• _Task objective_
Write out the data word for word and omit every picture.

• _Source material_
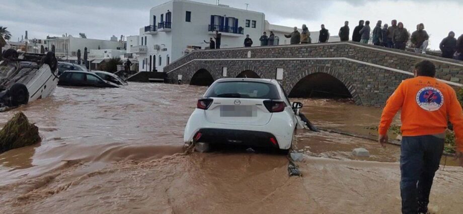 Στην Πάρο και ειδικότερα στη Νάουσα, η ένταση της βροχής δημιούργησε ορμητικούς χείμαρρους οι οποίοι παρέσυραν οχήματα και προκάλεσε ζημιές.
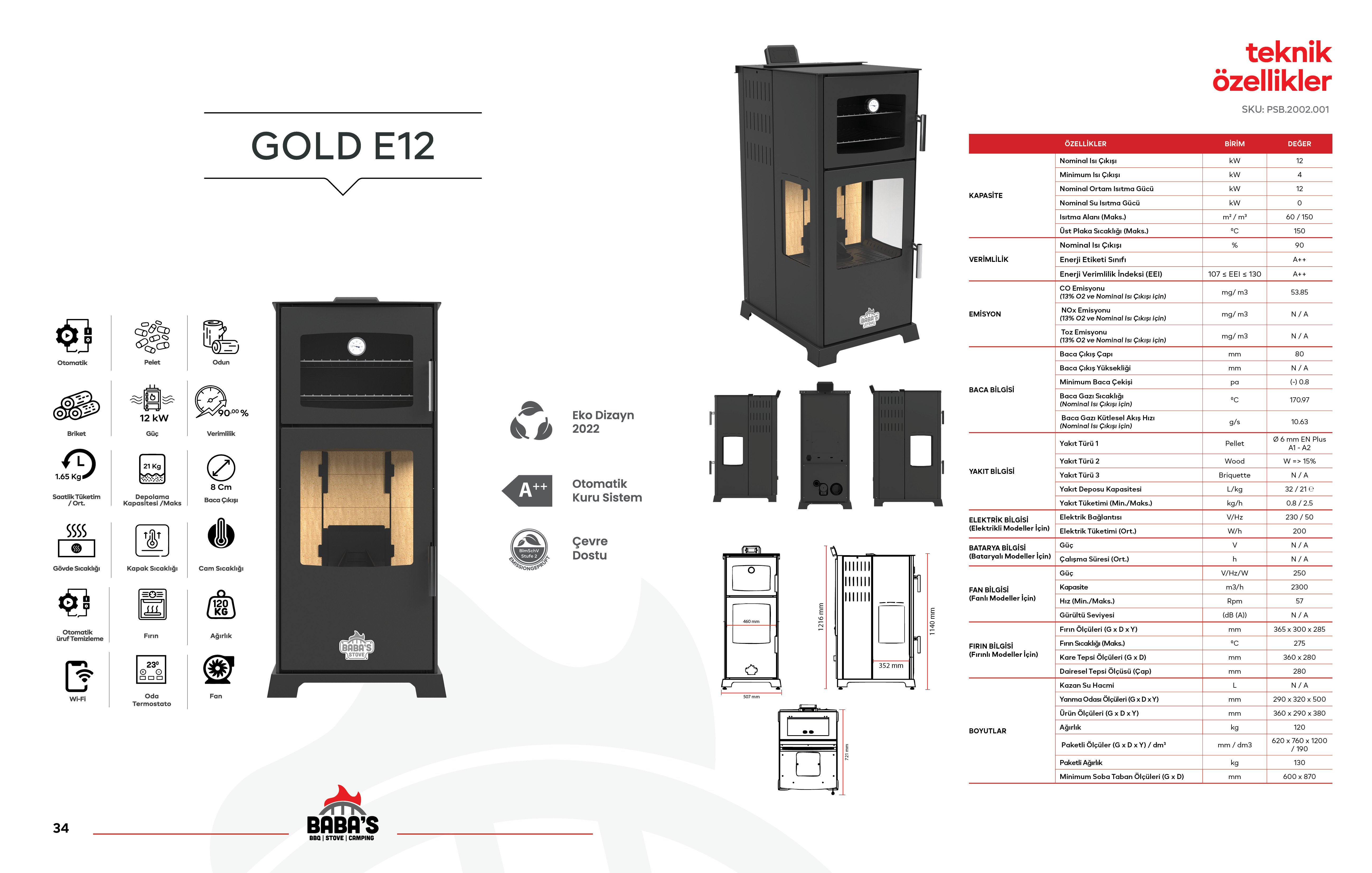 - Gold E 12; pelet, odun ve briket odunu yakabilen otomatik çalışan fırınlı bir sobalardır. (6 mm çapında A1 kalite Çam Peleti yakmaya uygundur.) ·
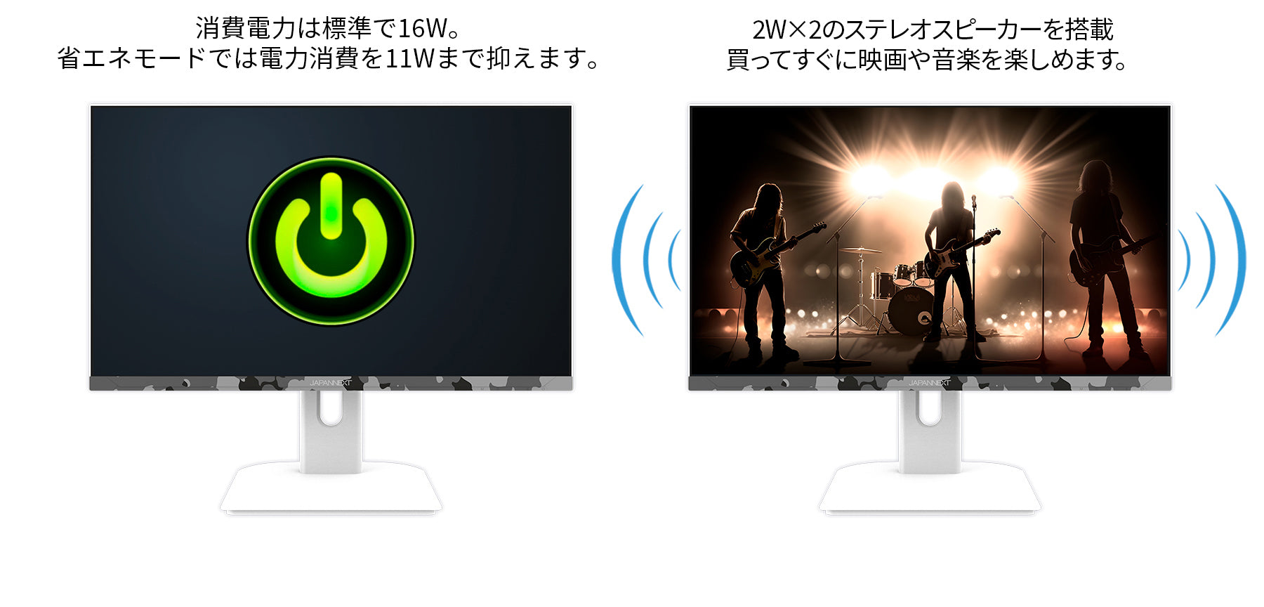 75x75mmのVESAマウントに対応、別売のモニターアームやモニタースタンドなどへの取り付けが可能です。2Wx2のスピーカーを搭載します。
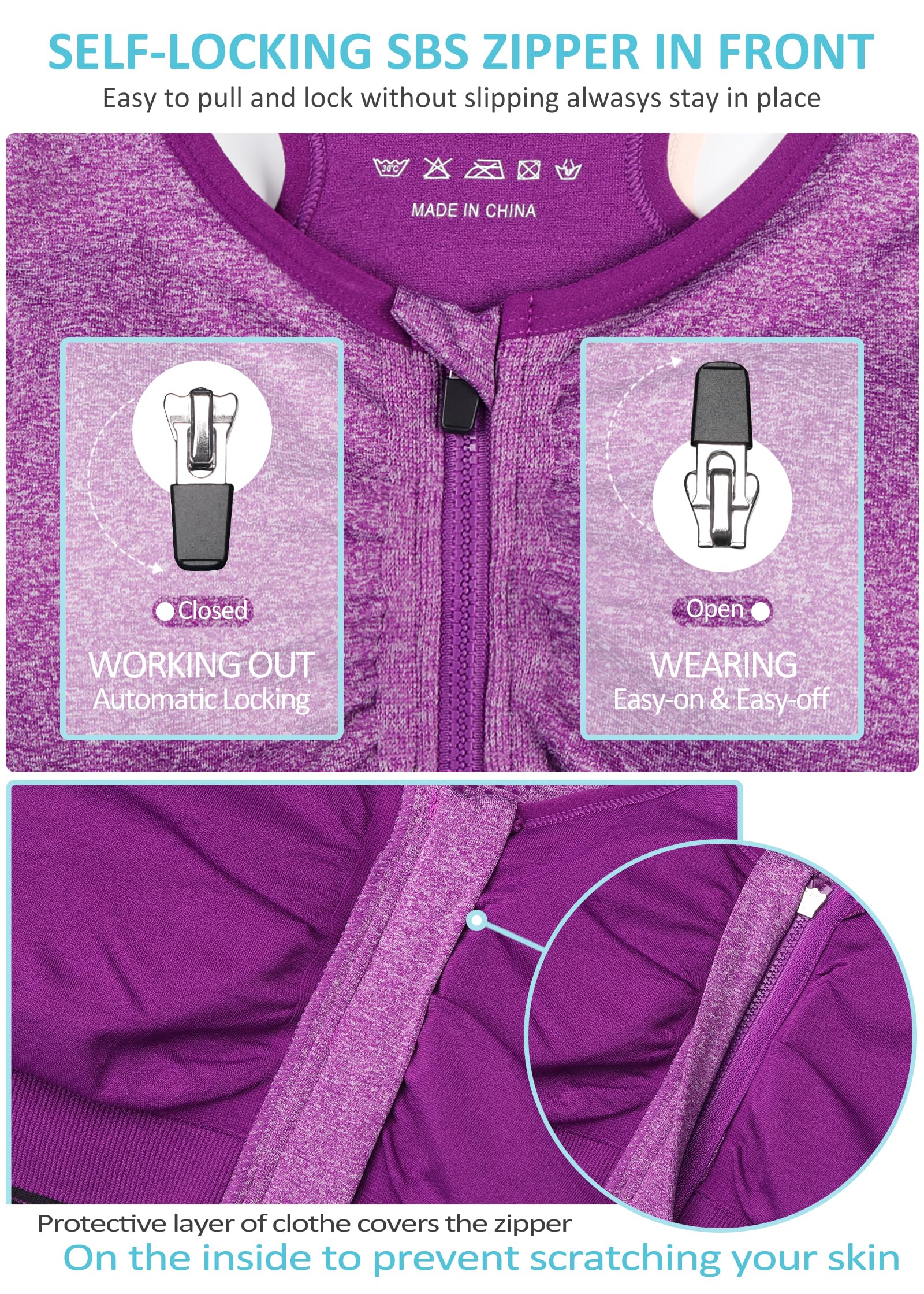 Front zipper closure-Easy to put on and take off with zipper front closure. Anti slide Zipper protect from sliding down when doing exercise. Protective layer of clothe covers the zipper on the inside to prevent scratching your skin

• _Answer space_
 Στην Πάρο και ειδικότερα στη Νάουσα, η ένταση της βροχής δημιούργησε ορμητικούς χείμαρρους οι οποίοι παρέσυραν οχήματα και προκάλεσε ζημιές.
 - Gold E 12; pelet, odun ve briket odunu yakabilen otomatik çalışan fırınlı bir sobalardır. (6 mm çapında A1 kalite Çam Peleti yakmaya uygundur.) ·
 75x75mmのVESAマウントに対応、別売のモニターアームやモニタースタンドなどへの取り付けが可能です。2Wx2のスピーカーを搭載します。
 Front zipper closure-Easy to put on and take off with zipper front closure. Anti slide Zipper protect from sliding down when doing exercise. Protective layer of clothe covers the zipper on the inside to prevent scratching your skin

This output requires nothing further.